Глава 263. Цитадель Тяньинь. Повторение былого

Исповедь Мо Жаня была закончена. Все молчали, и на какое-то время в Зале Даньсинь воцарилась полная тишина.

Кто прав, кто виноват? Что правильно, а что неверно?

Пусть каждый в душе вел свои подсчеты, но никто не мог найти в себе смелость высказаться категорично.

Не в силах смотреть в лицо Сюэ Чжэнъюну, Мо Жань спрятал глаза за опущенными ресницами.

— Я и правда собирался умереть вместе со всеми в том огненном море, — какое-то время спустя сказал он. — Но когда очнулся, то обнаружил себя лежащим в кровати на Пике Сышэн. Тот самый господин сыскарь сидел у изголовья моей кровати. Увидев, что я пришел в сознание, он тут же крепко сжал мое плечо и сказал мне… отныне и впредь я и есть молодой господин Пика Сышэн, — Мо Жань сделал паузу, а потом с усмешкой закончил, — племянник дяди по отцу.

На ковровой дорожке, устилающей пол Зала Даньсинь, были вытканы цветы поллии. Безучастно уставившись на это буйное разноцветие, Мо Жань продолжил.

— Господин сыскарь побоялся, что в случае смерти Мо Няня не получит обещанное вознаграждение, поэтому, когда дядя вытащил меня из горящего Терема Цзуйюй и спросил у него, тот ли это ребенок, которого ему поручили найти, он утвердительно кивнул. Вот так всего один кивок того человека в один миг полностью изменил мою судьбу.

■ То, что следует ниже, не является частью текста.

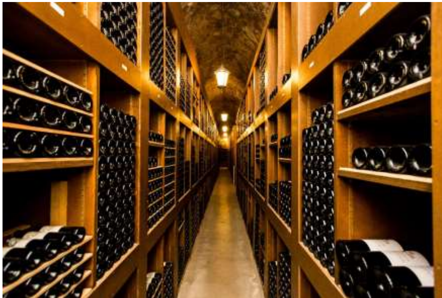
Cave de l'Hôtel de Paris Monte-Carlo

Hôtel de Paris Monte-Carlo also owes its reputation to its cellars, which were built behind the palace in 1874 based on the model of a Bordeaux winery. These cellars supply every establishment of the Monte-Carlo Société des Bains de Mer resort. Today, the cellars of Hôtel de Paris Monte-Carlo are exceptional thanks to their large 1,500 sq.m. surface area with over 350,000 bottles stored in over 1.5 kilometres of racks and 3,700 wine references. It is undoubtedly the biggest hotel and restaurant cellar in the world, showcasing rare wines and famous liqueurs in optimal storage conditions. Much older, ancient vintages cannot be sold and instead are stored in the Réserve Marie-Blanc, which was built on site in 1990. Guests can experience a one-of-a-kind dining experience in Hôtel de Paris Monte-Carlo's cellars in a reception room for up to 40 people. Available on request only, this wonderful opportunity was popular also with H.S.H Prince Rainier and H.S.H Princess Grace, as they celebrated their 20 th wedding anniversary here in 1976.

Наставник Сюаньцзин вздохнул:

— Будда Амитабха, благодетель Мо, неужели вас никогда не мучила совесть? Неужели за столько лет вы ни разу не хотели покаяться перед уважаемым главой Сюэ?

— Почему же не хотел? Когда я только очнулся, мне было очень не по себе, и я очень хотел покаяться в содеянном.

Взгляд Мо Жаня затуманился. Казалось, что сейчас он смотрит не вдаль, а сквозь годы прожитой жизни.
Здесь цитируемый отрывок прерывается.